Apologies to anyone who missed it. It made up 15 minutes on the predicted time and docked at 15:15.
Been watching for the last few hours - they are fully docked now, just pressurising the joint/cavity between the hatches just now - hatches will open in about an hour.
Another big moment in history has just been witnessed :-), that's quite a few now that we've seen in our lives.
funtime26 (31-05-2020)
The most impressive part was the first stage returning and landing bum first on a barge in a very choppy sea, that means 85% of the launch vehicle was reusesable and just the fuel was used which will save a lot of costs on future launches.
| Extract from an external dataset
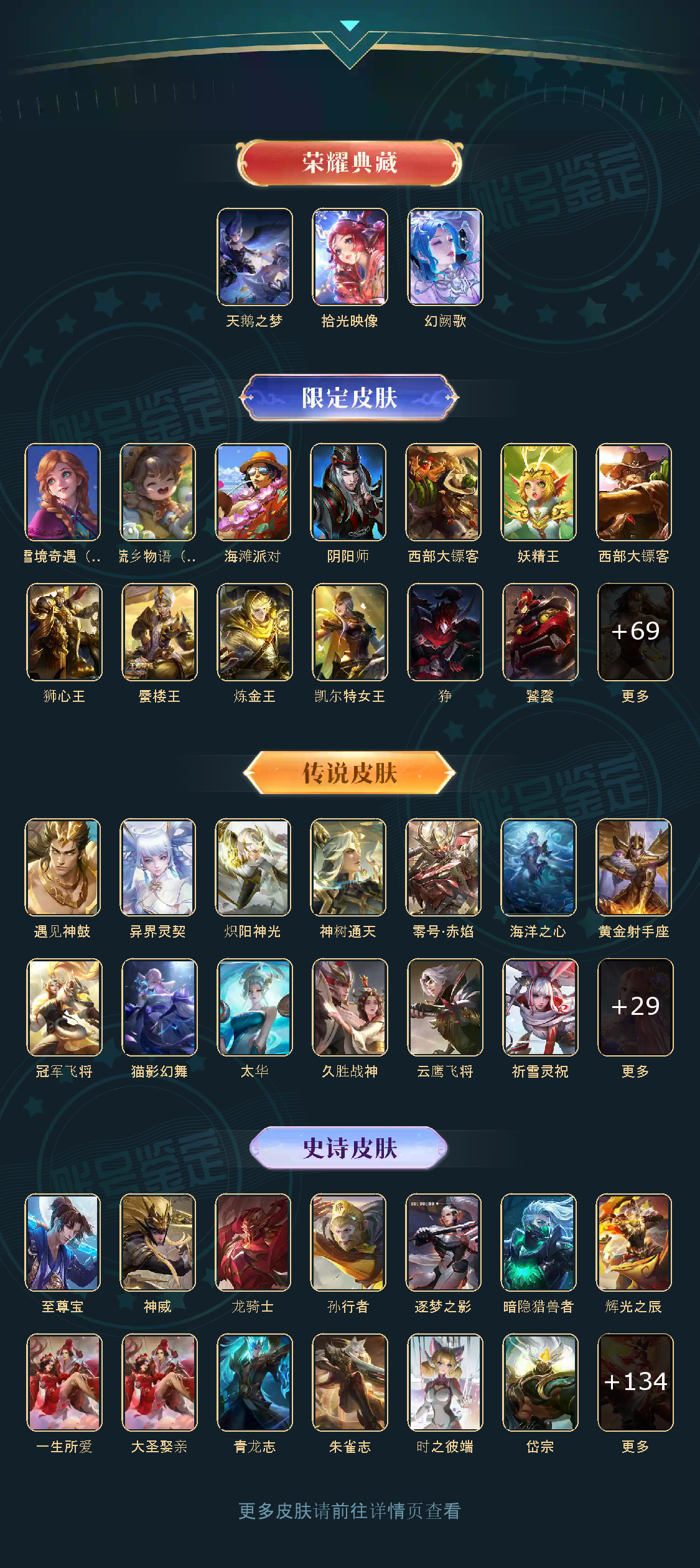 贵族等级V10,英雄数量125,典藏皮肤数3,皮肤数量453,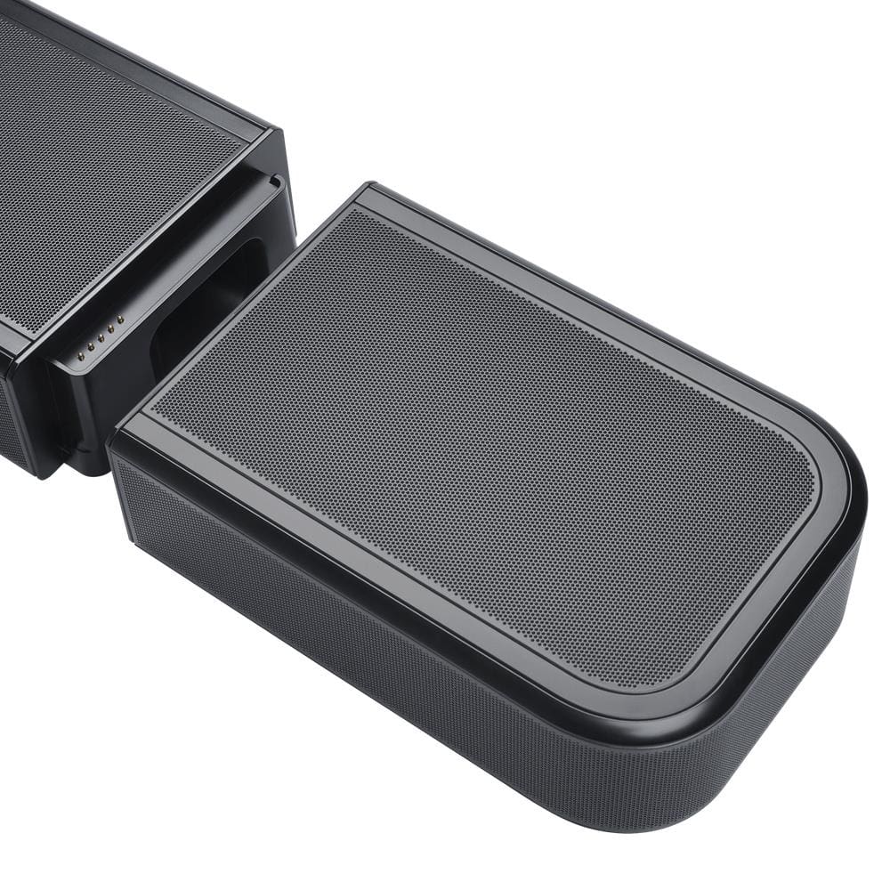 Seu subwoofer sem fio de 12” garante graves potentes e profundos, enquanto as colunas traseiras removíveis permitem criar um verdadeiro som surround sem cabos extras. Basta destacá-las e posicioná-las atrás do ambiente para mergulhar em uma atmosfera cinematográfica.

Its got to be safer landing on solid ground surely, I suppose NASA originally didn't believe it could re-land safely and didn't want to take the risk, the ending of 95% of the rocket being chucked away every time will alter the economics of space flight now, astronaughts still re-enter the atmosphere like a fiery meteorite though and splashdown in the sea, those bits havn't changed.
Last edited by TonyO; 01-06-2020 at 06:54 PM.
The astronaughts were just passengers on the flight up to the SS, they didn't fly the spacecraft it was on automation, it reminds me of the joke when the crossover from chimps to humans on automation when they asked what do I actually have to do as the pilot ? the answer was feed the chimp when he gets hungry.